Provided data:
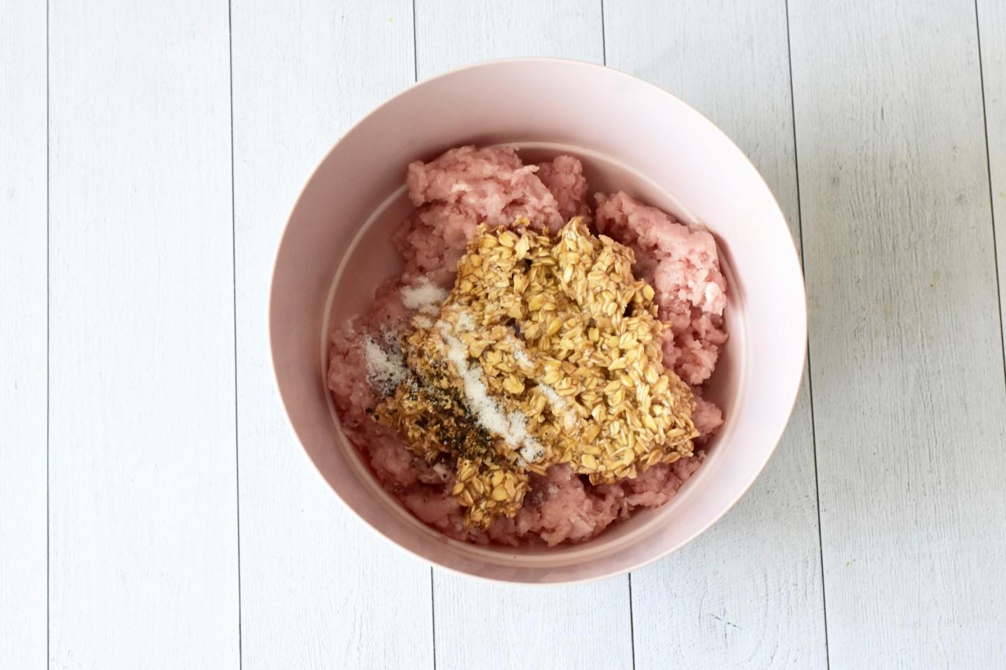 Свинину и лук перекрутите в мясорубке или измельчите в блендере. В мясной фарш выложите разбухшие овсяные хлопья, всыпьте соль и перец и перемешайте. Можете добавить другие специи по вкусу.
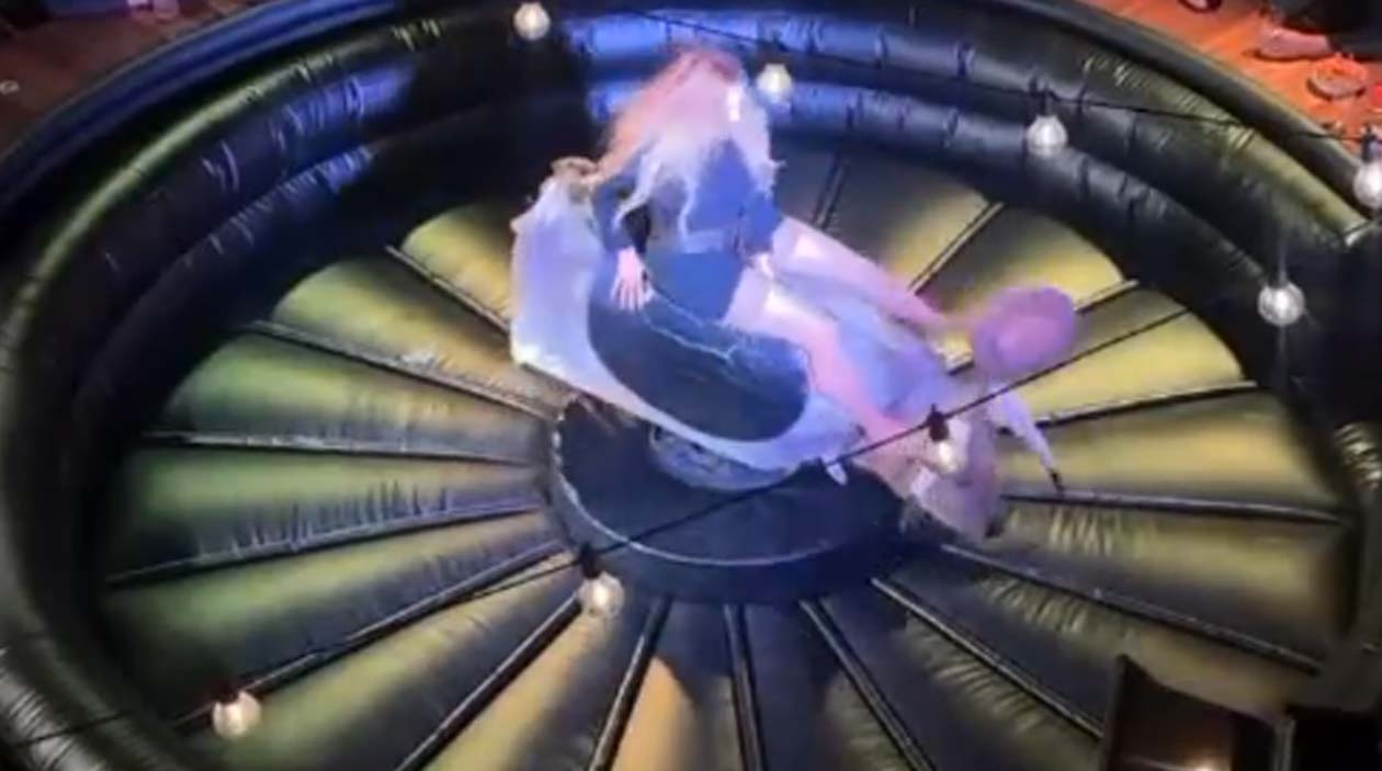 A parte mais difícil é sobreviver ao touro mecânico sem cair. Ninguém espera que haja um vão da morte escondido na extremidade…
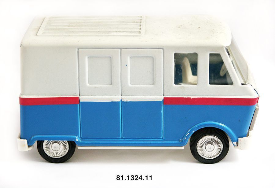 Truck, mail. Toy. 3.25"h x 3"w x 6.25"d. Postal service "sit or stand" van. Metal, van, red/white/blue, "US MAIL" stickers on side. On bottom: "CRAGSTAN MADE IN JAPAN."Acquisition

What needs to be done: Beginning at the line containing "A parte mais", restate every line through the end of the material above exactly; omit the pictures.

Exercise solution:
 A parte mais difícil é sobreviver ao touro mecânico sem cair. Ninguém espera que haja um vão da morte escondido na extremidade…
 Truck, mail. Toy. 3.25"h x 3"w x 6.25"d. Postal service "sit or stand" van. Metal, van, red/white/blue, "US MAIL" stickers on side. On bottom: "CRAGSTAN MADE IN JAPAN."Acquisition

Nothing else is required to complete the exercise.